Tuesday, November 3, 2009

Spiraling

I'm getting deeper into my rut, today. Learned that I have to work weekends from now on. So, absolutely no days with my husband. Just nights where we're working on our respective websites/projects/bands/portfolios, or I'm too angry about everything, it's too dark to take a walk, and he hates going to the gym. So basically it's like we're roommates. We got married so we could be roommates and spend no real time together because we're too busy looking for better jobs.

Tomorrow's my interview. Lets see what the hell happens. After my interview, I'll be going to help one of my guitarists paint a house he's sold so I can make a few extra bucks. Will probably go toward gas for the car.

Willy keeps telling me to do some life drawing to supplement my resume, but I have this urge to finish my novel. And I know that if I don't keep writing, I'll drop out of my inspiration. I've been doing from 1,000 - 3,000 words a day, and I know that if I keep it up, I'll be finished by the end of 2009. I really want to finish something for once. I've been reading so much lately, and I've noticed that a lot of the books I've read SUCK. So why the hell can't I put out a gaddamn novel?? I know I need new art, but I just can't bring myself to do it right now. I feel guilty for not writing when I draw, and I feel guilty for not drawing while I write. And when I'm at work I feel like I'm wasting time doing nothing that will bring me closer to my goals.

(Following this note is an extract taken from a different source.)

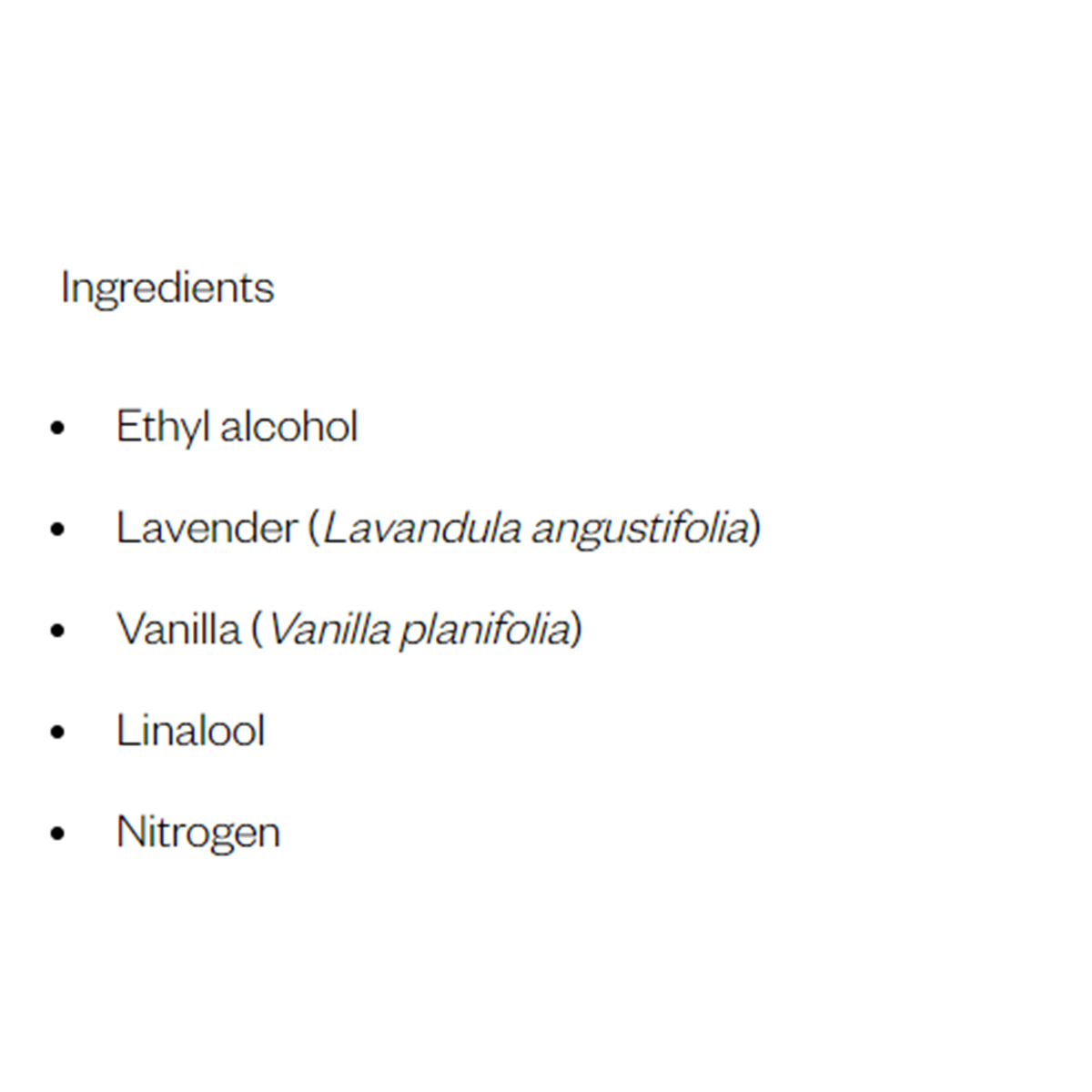 Ethyl alcohol, Lavender (Lavandula angustifolia), Vanilla (Vanilla planifolia), Linalool, Nitrogen.
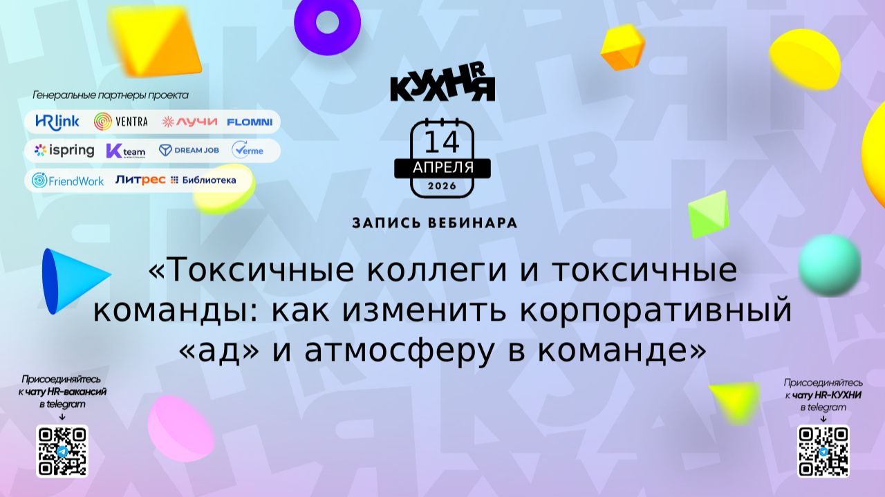 Токсичность в команде часто воспринимается как “особенности характера”. Но на практике: — после встреч у сотрудников не остаётся энергии — идеи обесцениваются и не доходят до реализации — пассивная агрессия разрушает взаимодействие — сильные сотрудники выгорают и уходят В итоге: команда тратит ресурсы не на результат, а на внутренние конфликты и напряжение. На вебинаре разобрали, как перейти от “терпим и тушим пожары” к системной работе с токсичным поведением. Благодаря записи вы: — поймёте, как отличить “сложного” сотрудника от системного токсика — разберётесь в типах токсичного поведения: «жертва», «контролер», «нарцисс» — научитесь защищать границы и гасить конфликты без эскалации — освоите техники обратной связи, которые меняют поведение, а не усиливают конфликт — получите подход к “перевоспитанию” токсичного поведения через управляемую среду 💡 Практическая часть: показали, как применять инструменты в реальных ситуациях — «психологическое айкидо» для работы с конфликтами — алгоритм DEAR MAN для отстаивания границ — модель Radical Candor и метод SBI — подход Nudge для изменения поведения через среду 🎁 Бонус: — скрипты ответов на 5 типов манипуляций — чек-лист «эмоциональной аптечки» — готовый план оздоровления атмосферы команды на 30 дней 👉 В записи — не просто теория, а готовые инструменты, которые можно применять сразу Особенность подхода — это не “борьба с людьми”, а изменение системы: 👉 от реакции на токсичность 👉 к управлению атмосферой и поведением команды И именно это позволяет не просто снижать конфликты, а повышать эффективность всей команды. Присоединяйтесь к чатам и каналам HR-КУХНИ в МАХ: HR-КУХНЯ | Ключевое HR-медиа в MAX - https://max.ru/hr_kitchen HR-КУХНЯ | Мероприятия в HR - https://max.ru/hrkitchenjournal Основной чат HR-КУХНИ - https://max.ru/join/8hmnvHea_Fk4VEPHy2fM8W54K3wcpYCv8_WDsFTLOuc Присоединяйтесь к чатам и каналам HR-КУХНИ в телеграм: - Основной чат HR-КУХНИ в телеграм - https://t.me/+tYgAH0PgPQVkOWIy - Канал HR вакансий в телеграм - https://t.me/+CMNAN2u1hjo3M2Ri - Канал HR-EVENTS в телеграм - https://t.me/hr_kitchen - Канал HR JOURNAL в телеграм - https://t.me/hrkitchenjournal Полезные ссылки: - Каталог HR решений - https://hrkitchen.ru/exhibition - График конференций, бесплатных вебинаров, а также бесплатные курсы – https://hrkitchen.ru/ - Стать спикером HR-КУХНИ - https://hrkitchen.ru/speakers - Подписаться на полезную e-mail рассылку от HR-КУХНИ (новости, гайды, чек-листы, подарки от партнеров) - https://hrkitchen.ru/subscribe

I've been trying my damndest to get out of my current habit of saying "Oh God, kill me," at points of stress and despair. I don't mean it. I don't want to die. I don't know why I keep saying it, but it just slips out sometimes. Maybe I just wish that I could go to sleep and wake up to someone wanting to hire me. Or a record deal. Or a book deal. Anything that would rescue me. I've been trying for so long. I remember when I used to go to therapy, back when my only problem was my bipolar disorder and discontentment about my old job. I'd give anything to have that job back, now. It was brainless and I did nothing, but it was money and peace of mind. I have no peace of mind, anymore. Just constant worry and guilt.